Plans for a new development at the corner of 4th and Townsend streets in SoMa would create more than 900 residential units in two towers on a lot directly across from the Caltrain terminal.
The new buildings proposed by Tishman Speyer, doing business as 655 4th St., LLC, consist of a tower and pedestal design, with the first eight floors of each structure angling inward before coming together on level nine.
By constructing the towers with a complex series of setbacks, the structures would achieve a spiral effect that simulates four separate buildings. The tallest point of each tower would be 400 feet, or 39 floors.
The project proposed last month replaces Tishman’s prior plans to construct one 41-story, 499-unit tower.
The plan includes a variety of unit sizes, including 184 studios, 353 one-bedrooms, 309 two-bedrooms, 46 three-bedrooms, and 15 lofts. The current facilities on the site include only three residences.
None of the units would be affordable; the plan is to provide affordable housing off-site in “two nearby Central SoMa projects.” The developer would have to support more than 270 below-market-rate units elsewhere to comply with San Francisco’s Inclusionary Housing Program.
The development would also include 28,627 square feet of privately-owned, publicly-accessible open space divided between a large central courtyard and three mid-block connections.
The project sponsor is proposing this open space rather than providing a required rear yard setback. Residents would also have access to more than 35,000 square feet of additional open space in roof gardens, open common areas, and private balconies.
The project as proposed would demolish several two-story facilities that house The Creamery, The Iron Cactus, a home furnishing business, and a catering service. Those buildings, according to the project sponsor, are “large, inflexible warehouse-style buildings.”
The proposal would shrink the site’s commercial space from more than 52,500 square feet to “approximately 26,599 square feet of flexible-devisable retail and commercial spaces” which will “substantially enhance future opportunities.”

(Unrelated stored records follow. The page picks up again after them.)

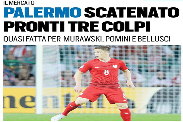 “Il Palermo è vicino a tre colpi: preso il mediano polacco Radoslaw Murawsk (’94), capitano all’Europeo Under 21 , in arrivo dal Piast Glinice. Con lui, in arrivo lo storico portiere del Sassuolo, Alberto Pomini (’81) e il difensore ex Empoli Giuseppe Bellusci svincolatosi dal Leeds. […]”. Questo quanto si legge sull’edizione odierna di “Tuttosport”.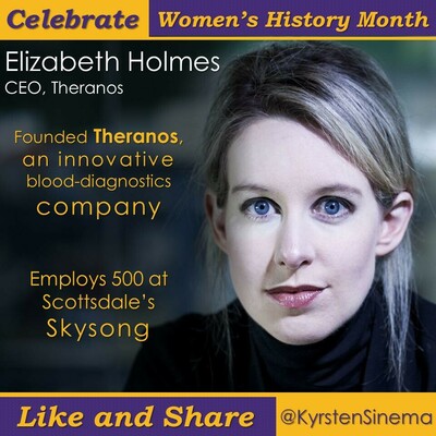 RT our graphic w/Elizabeth Holmes, founder & CEO of @theranos, which employs 500 in #AZ09! #WomensHistoryMonth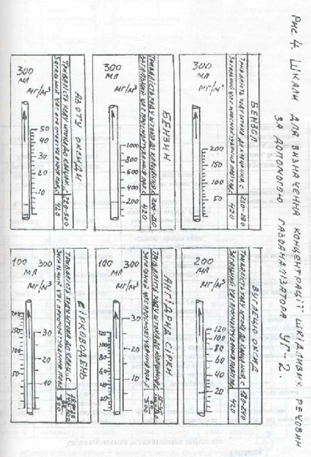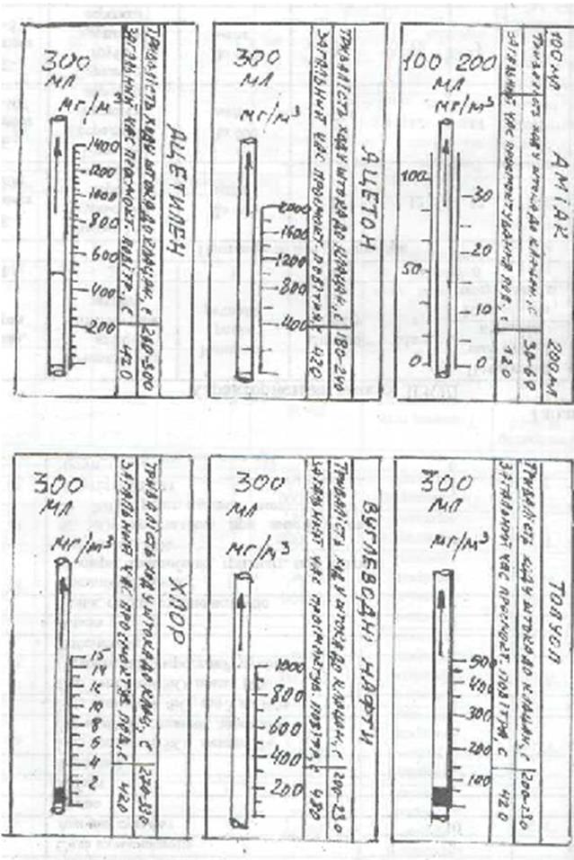 | Ацетилену, етилену, бензину, бензолу, спиртів, ацетону, сполук сірки, хлору, азоту оксидів

The plan also includes a three-floor underground parking garage with about 450 vehicle and 316 bike parking spaces.
The proposal has been filed through the Large Project Authorization process that is part of the planning provisions associated with the Eastern Neighborhoods Mixed Use Districts, which are designed to promote residential and commercial development while preserving space for production, distribution, and repair businesses.
There may be a public hearing on the application prior to its consideration by the Board of Supervisors.